A few minutes after the primary upgrade, standby still shows 19c. Scheduled 26ai upgrade time is the time I scheduled for the primary upgrade.

After a few minutes, the standby upgrade kicked off.

I am skeptical of the standby upgrade time – it started and finished immediately according to the work request, but the standby had “Updating” status at the top for 4+ minutes.

After about 15 minutes of total elapsed time from start to finish, the environment was fully upgraded to 26ai.

Both the Chicago and Ashburn consoles now proudly display Database Version: 26ai.
Oracle also initiated the automatic backup shortly after the primary upgrade.

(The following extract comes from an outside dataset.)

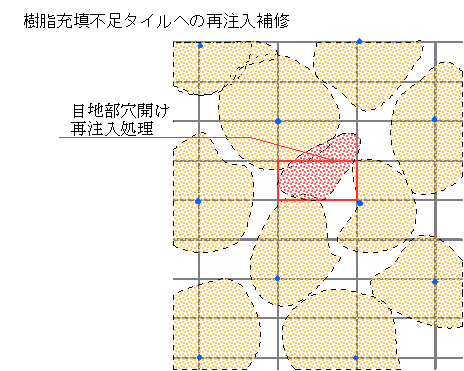 45モザイク磁器タイルは、45㎜×45㎜厚みは6㎜程度です。タイル面に加わる外力(熱膨張収縮や振動などや自重)により剥離することがあります。タイル浮陸部では浮陸した部位を十分に補修すれば再発は防げます。通常の浮陸箇所においては、エポキシ樹脂注入による施工で対処します。 浮陸した45二丁タイルについては4枚に1箇所目地交差部への注入ピンニングをおこないそれぞれのタイル下地の裏面を接着剤で固定する施工を提案しています。

This is one issue when people use the version in the database name – now my 26ai database is named 19c! Luckily, Autonomous offers an easy way to change the display name. It only changes the display name; the database name remains the same.


But my autonomous data guard standby instance still has the old display name, and there is no option to change its name.
That’s it. 15 minutes to upgrade the Autonomous AI Database Serverless from 19c to 26ai.
Behind the Scenes: Why the Upgrade Is So Fast
What makes the Autonomous Database upgrade from 19c to 26ai finish in minutes is that it is not a traditional in-place database upgrade.
In Autonomous Database, compute and storage are decoupled. The database files live on Exadata storage, while the database engine runs on disposable compute. During an upgrade, Oracle does not upgrade binaries in a running database. Instead, Oracle switches the database to a new, pre-provisioned compute stack that is already running the 26ai engine.
The 26ai Oracle Homes are built, patched, and validated ahead of time across the Autonomous fleet. By the time the upgrade starts, the target engine is already live and tested. The upgrade window is primarily spent draining connections, switching compute, and running final health checks.
Data dictionary and internal metadata changes are also handled differently. Many transformations are pre-staged or deferred, and several 26ai capabilities are enabled only when first used. This avoids the long-running dictionary upgrade steps that dominate traditional upgrades.
In short, the speed comes from architecture, not faster scripts. Autonomous Database upgrades work because Oracle controls the full stack and treats the database engine as a replaceable component rather than something that must be upgraded in place.
Rollback and Alternate Upgrade Options
Once a scheduled upgrade is initiated in Autonomous Database, it cannot be paused or cancelled, and there is no self-service downgrade option after completion. However, Oracle does provide a limited rollback window (via Oracle Support) if issues are identified shortly after the upgrade, which is possible because the upgrade does not modify data in place. For customers who want to reduce risk further, Oracle also supports full clone and refreshable clone–based upgrades. A refreshable clone allows you to validate application behavior on 26ai while continuously syncing data from the 19c primary, making it ideal for pre-production testing. A full clone, on the other hand, creates a one-time copy that can be upgraded independently and used for functional validation or performance testing before committing to the production upgrade. These options provide a practical safety net when upgrading business-critical workloads.